EXERCISE DIRECTIONS
Print out the data that follows exactly, character for character, apart from the pictures.
** Opening SUPPLIED DATA block **
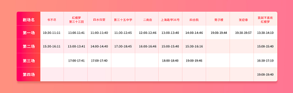 從國際戲劇公園小程序展示的7月23日節(jié)目單可以看出,“只有紅樓夢·戲劇幻城”的劇場安排分為主劇場和微劇場。主劇場中,真亦假、有還無、讀者劇場每天都安排了兩場演出,每場演出時(shí)間均超過或接近1個(gè)小時(shí)。微劇場中,有的節(jié)目一天甚至排了四場。
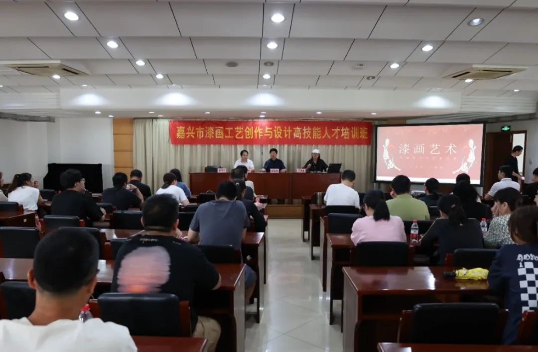 根据嘉兴市人力资源和社会保障局《关于印发2023年度全市高技能人才研修培训班计划的通知》精神,嘉兴工艺美术行业协会申报立项的“嘉兴市漆画工艺创作与设计高技能人才培训班”于2023年8月11日正式开班上课。
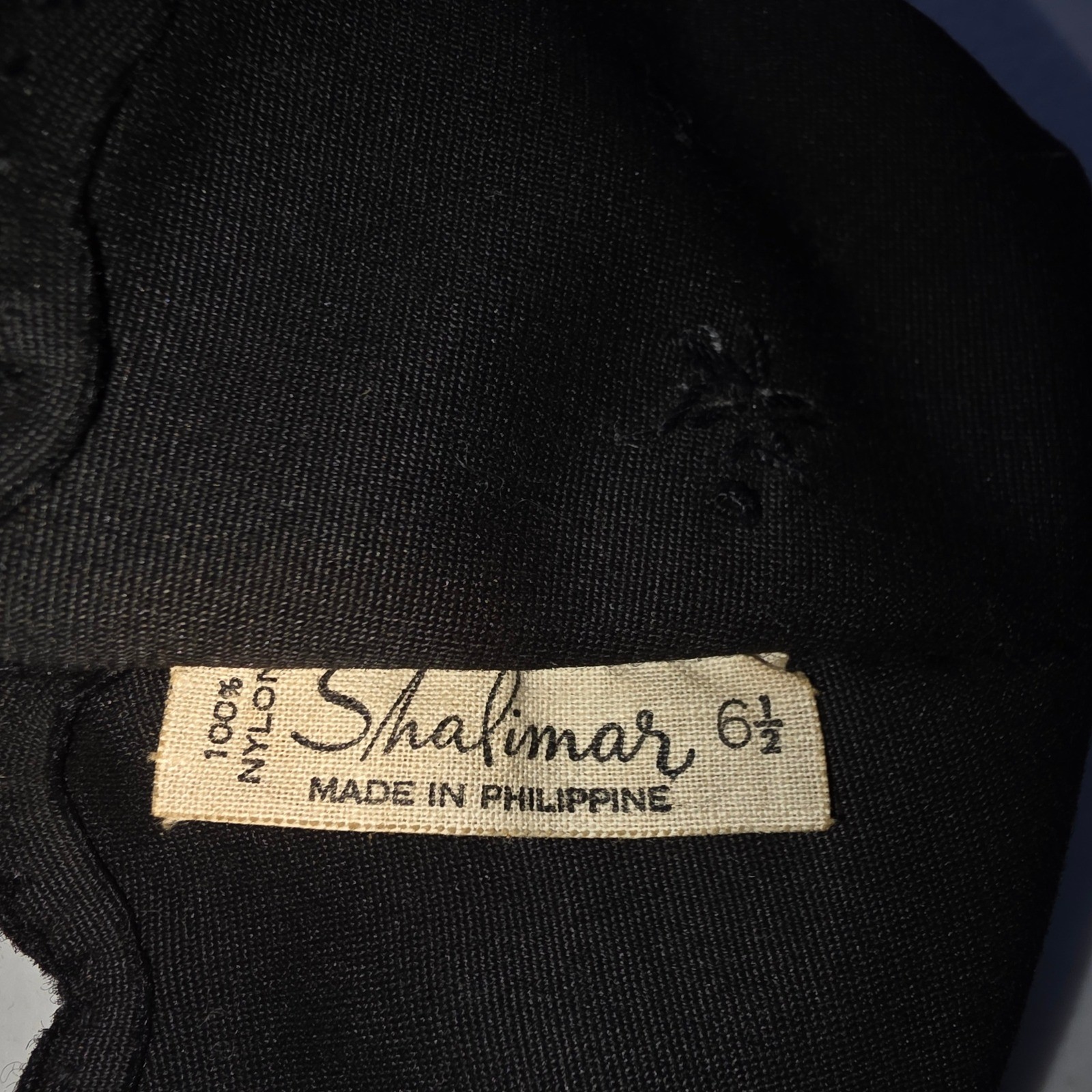 Shalimar Vintage Black Nylon Embroidered Scalloped Opera Gloves Size 6.5 1950s
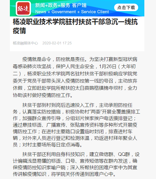 【杨凌发布】杨凌职业技术学院驻村扶贫干部急沉一线抗疫情
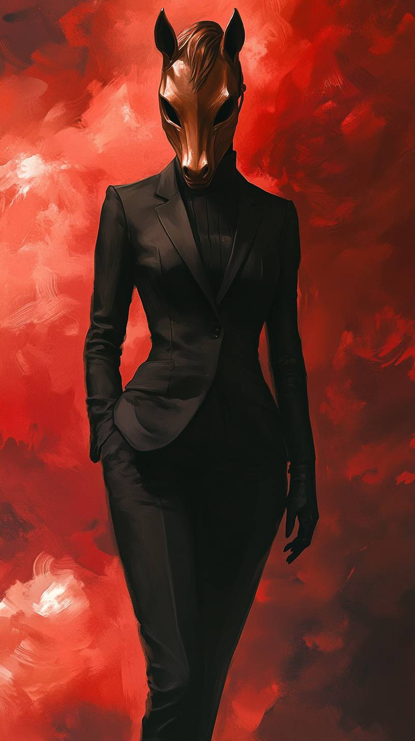 她穿著剪裁精緻的黑色西裝,佩戴著精美的棕色馬頭面具,背景是紅色煙霧。
** Closing SUPPLIED DATA block **
EXERCISE ANSWER
 從國際戲劇公園小程序展示的7月23日節(jié)目單可以看出,“只有紅樓夢·戲劇幻城”的劇場安排分為主劇場和微劇場。主劇場中,真亦假、有還無、讀者劇場每天都安排了兩場演出,每場演出時(shí)間均超過或接近1個(gè)小時(shí)。微劇場中,有的節(jié)目一天甚至排了四場。
 根据嘉兴市人力资源和社会保障局《关于印发2023年度全市高技能人才研修培训班计划的通知》精神,嘉兴工艺美术行业协会申报立项的“嘉兴市漆画工艺创作与设计高技能人才培训班”于2023年8月11日正式开班上课。
 Shalimar Vintage Black Nylon Embroidered Scalloped Opera Gloves Size 6.5 1950s
 【杨凌发布】杨凌职业技术学院驻村扶贫干部急沉一线抗疫情
 她穿著剪裁精緻的黑色西裝,佩戴著精美的棕色馬頭面具,背景是紅色煙霧。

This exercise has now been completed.